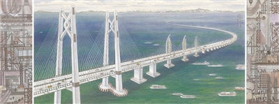 有的美術工作者以跨時空的表達,凸顯大型基礎設施建設的重大意義。李翔、楊文森、張蕊、張慶軍合作的中國畫《大灣騰巨龍》,以世界上最長的橋隧組合跨海通道——港珠澳大橋為對象,直觀表現了港珠澳大橋對粵港澳三地的銜接功能。畫面中心,港珠澳大橋宛若游龍,蜿蜒伸向遠方,優美而富有抒情意味;畫面遠方,群山起伏、樓群高低錯落,在大橋連接下與近景形成呼應,構成完整敘事。畫面左右兩側,細致勾勒了港珠澳大橋的建設場景,頗具歷史縱深感,豐富了畫面的視角與層次。透過作品,觀眾不難感受到粵港澳大灣區發展的新氣象。
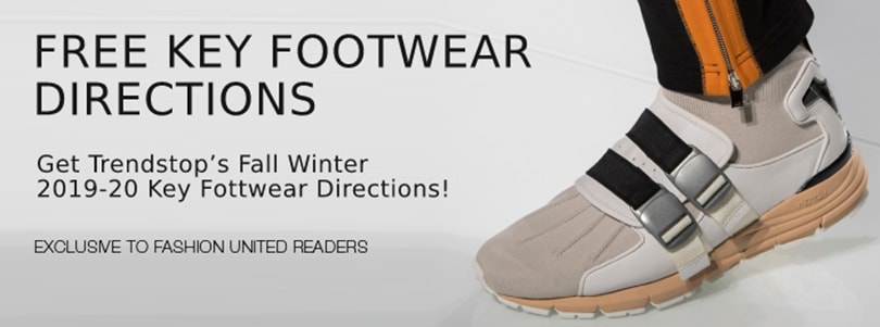 FashionUnited-Leser können kostenlosen Zugang zu Trendstops Bericht Schlüsselrichtungen der Schuhmode Herbst Winter 2019-20 mit allen wichtigen Styles der Laufstege für die kommende Saison erhalten. Klicken Sie einfach hier, um Ihren kostenlosen Bericht zu erhalten.
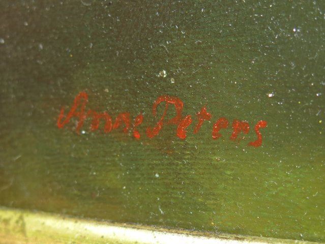 Oil on canvas. Framed. Signed lower left. Ann Peters, Swiss (1843-1926). Approx. 18" H x 22" W unframed, 24" H x 28" W framed. Relined.
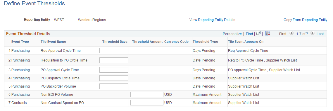 Use the Define Event Threshold page to define system level thresholds. A violation will appear for each Event on the Supplier Watch List when the transaction amount calculated or number of days pending exceeds the threshold established for the reporting entity.

────────────────────────────────────────

## Goal of the exercise
Would you mind transcribing the material exactly, without the pictures?

## Task solution
 有的美術工作者以跨時空的表達,凸顯大型基礎設施建設的重大意義。李翔、楊文森、張蕊、張慶軍合作的中國畫《大灣騰巨龍》,以世界上最長的橋隧組合跨海通道——港珠澳大橋為對象,直觀表現了港珠澳大橋對粵港澳三地的銜接功能。畫面中心,港珠澳大橋宛若游龍,蜿蜒伸向遠方,優美而富有抒情意味;畫面遠方,群山起伏、樓群高低錯落,在大橋連接下與近景形成呼應,構成完整敘事。畫面左右兩側,細致勾勒了港珠澳大橋的建設場景,頗具歷史縱深感,豐富了畫面的視角與層次。透過作品,觀眾不難感受到粵港澳大灣區發展的新氣象。
 FashionUnited-Leser können kostenlosen Zugang zu Trendstops Bericht Schlüsselrichtungen der Schuhmode Herbst Winter 2019-20 mit allen wichtigen Styles der Laufstege für die kommende Saison erhalten. Klicken Sie einfach hier, um Ihren kostenlosen Bericht zu erhalten.
 Oil on canvas. Framed. Signed lower left. Ann Peters, Swiss (1843-1926). Approx. 18" H x 22" W unframed, 24" H x 28" W framed. Relined.
 Use the Define Event Threshold page to define system level thresholds. A violation will appear for each Event on the Supplier Watch List when the transaction amount calculated or number of days pending exceeds the threshold established for the reporting entity.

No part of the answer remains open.